Family and Marriage

A few weeks back, Matt Bradner and Julia Bradner talked to the CO staff team about family and marriage. In addition to personal benefits the individuals gained from attending the training, the staff was able to use the talk to foster healthy team dynamics among themselves.

I asked Paul Poteat, the regional director for CO Minneapolis, why having a healthy team is important. “Jesus said that ‘people will know that you are my disciples by your love.’ That being the case, it is really important how we, as Christians, display our love for one another. Because of this we put a heavy emphasis on the health and unity of our team.

We have roughly 28 staff with COM. Therefore, we try to leverage various training opportunities for the entire team to participate in and experience together. We typically have three distinct times of training each year: over the summer at our Summer Training Project, in August before school starts up, and in December at the close of the semester.

This year, however, we added an additional time in February to focus on marriage and family. We have 10 couples on the team and 6 families. While single and ministering to college students, it can be a little less hectic figuring out time in your schedule to meet with people; it’s easier to sleep in or stay out late. Once you add the pressures of your marriage and even more so, your children, this gets difficult. That’s why it’s important to give some special emphasis at points to marital and familial health.

Also, for students coming out of various family backgrounds, the example they see in our staff couples and families is massively redemptive. If that’s true, then let’s make the redemptive picture as powerful and effective as possible.”

Devin Smith, on staff with CO at the University of St. Thomas, attended the Bradner’s training and brought back some really helpful notes.

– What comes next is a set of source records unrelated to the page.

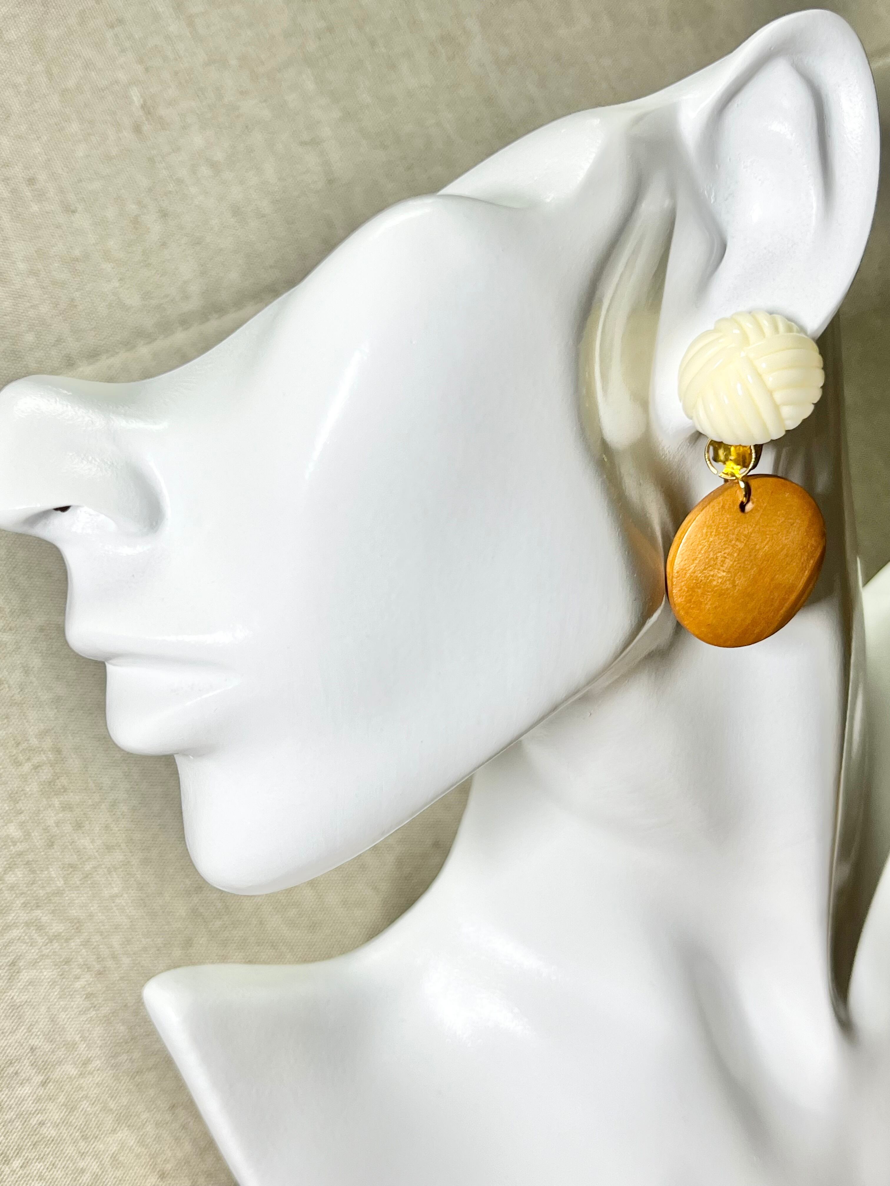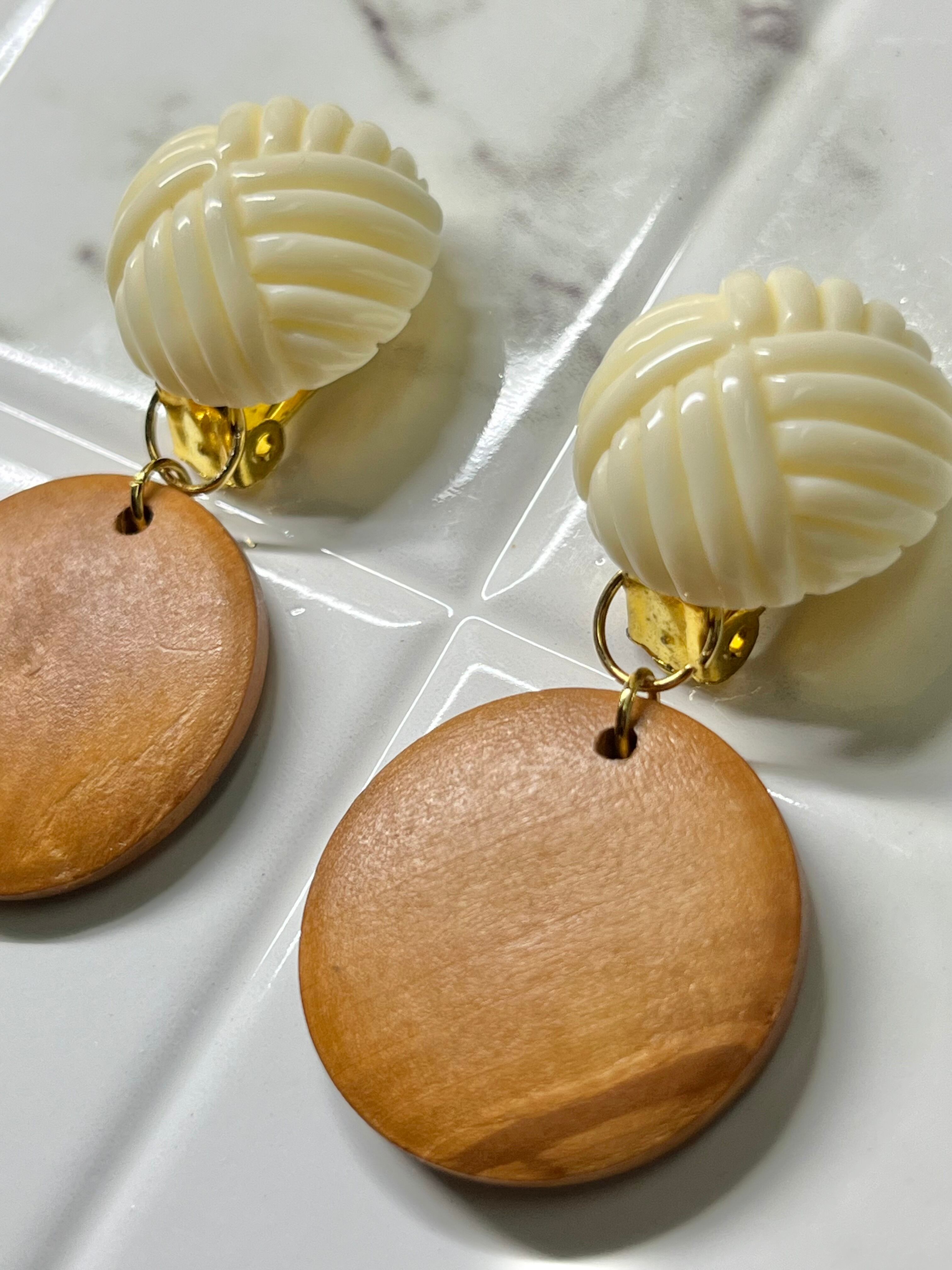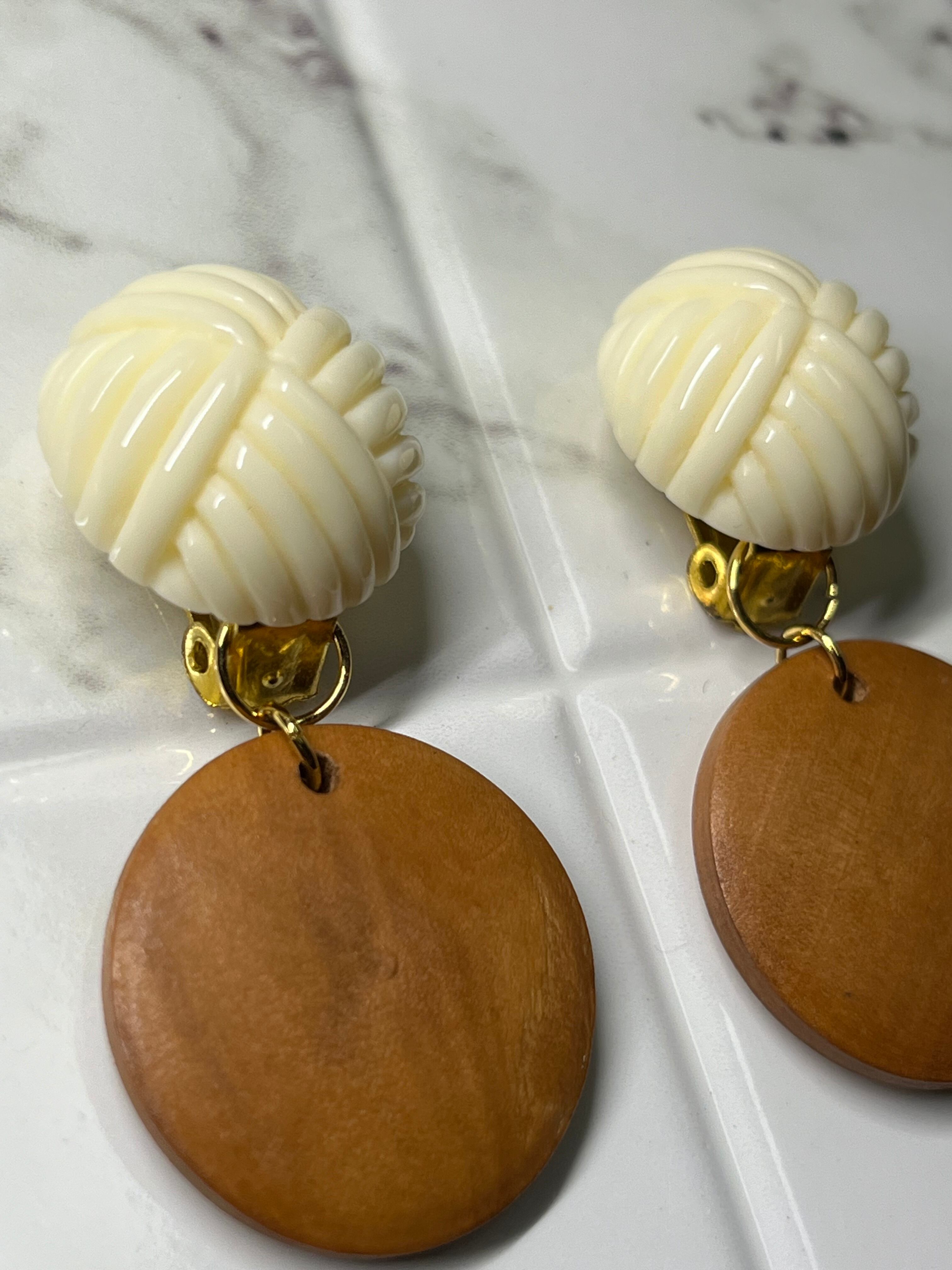 ◆天然素材の丸いウッドパーツを添えてほっこり感をプラス。
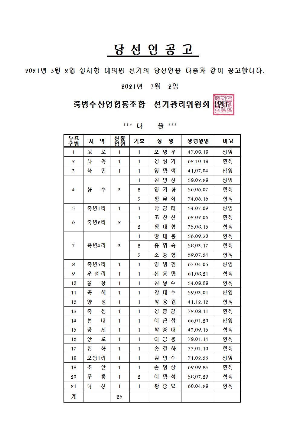 2021³â Á׺¯¼öÇù ´ëÀÇ¿ø ´ç¼±ÀÎ °ø°í
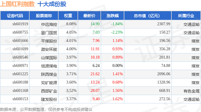 上国红利(000151)指数十大成份股详情如下:
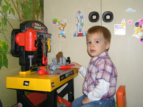 Alvás után átmentünk Krisztiékhez játszani Levivel. Levinek kellett egy kis idő míg feloldódott, utána már Ő is ezerrel rohangált, huncutkodott, mint a másik Levi. A gyerekszobában 2 perc alatt kipakoltak minden mozdítható játékot. Levinek nagy kedvence a barkács sarok, mindig játszik vele, ahogy most is.
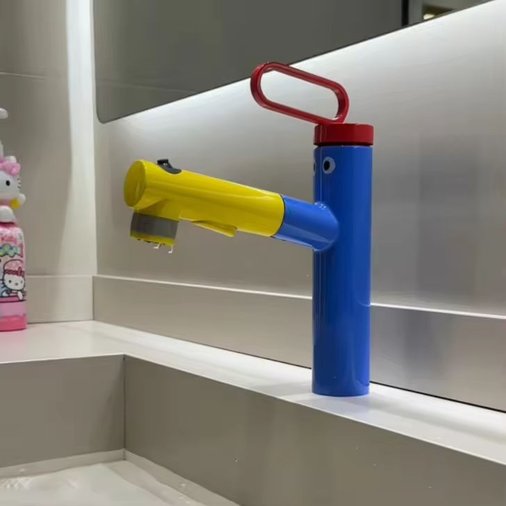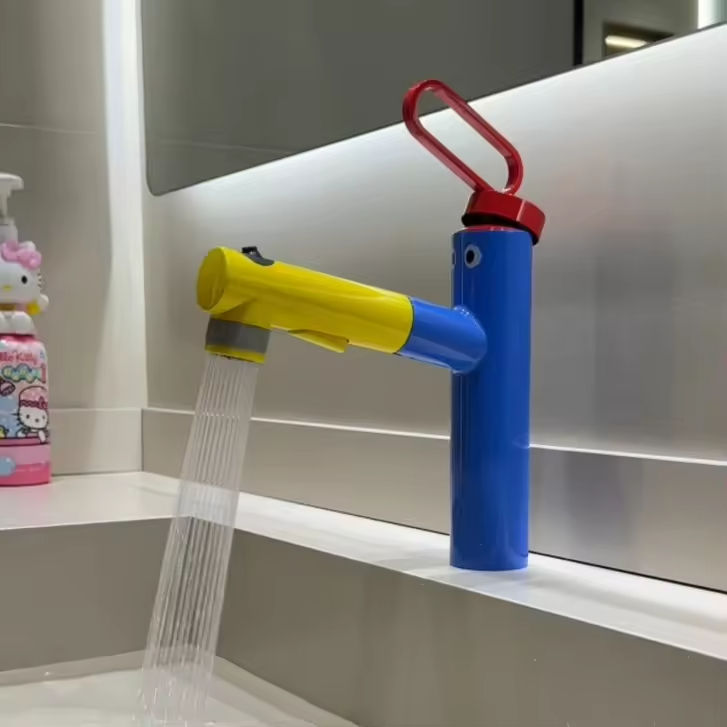 Cute Colorful Solid Brass Modern Touchless Sensor Deck Mounted Bathroom Single Hole Ceramic Vanity Sink Faucet
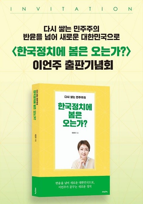 이언주는 "이번 출판기념회를 통해 한국 정치에 활력과 변화를 불러오기를 기대하는 국민분들과 소통하길 원한다. 이 책에는 분명 '민주주의를 다시 쌓을 답'이 있다"라고 전했다.

One of his biggest takeaways was the concept of nourishing and cherishing. Nourishing refers to the aspects and attitudes toward a relationship that are growing, challenging, developing, and directional. A helpful analogy is milk that strengthens the relationship. Cherishing is the affectionate, passionate, relaxed, celebratory aspects of a relationship. This is represented by a glass of wine to symbolize delighting in the other person.

The Bradners, using this concept, set a vision for a healthy marriage. It should be a love culture that consistently nourishes and constantly cherishes. It should consistently grow where it isn't developed and constantly love and delight where it is. This can be easily translated to any type of relationship.

Throughout their talk, the Bradner’s used personal examples and scripture to help pass along their vision for family and marriage to the CO staff. Their desire was that everyone would display the enjoyment of life through igniting the heart towards knowing God, preserving the privilege of family, experiencing the joyous necessity of friendship, and extending oneself for the good of others.

And from what I heard from the CO staff, it sounds like it was a success.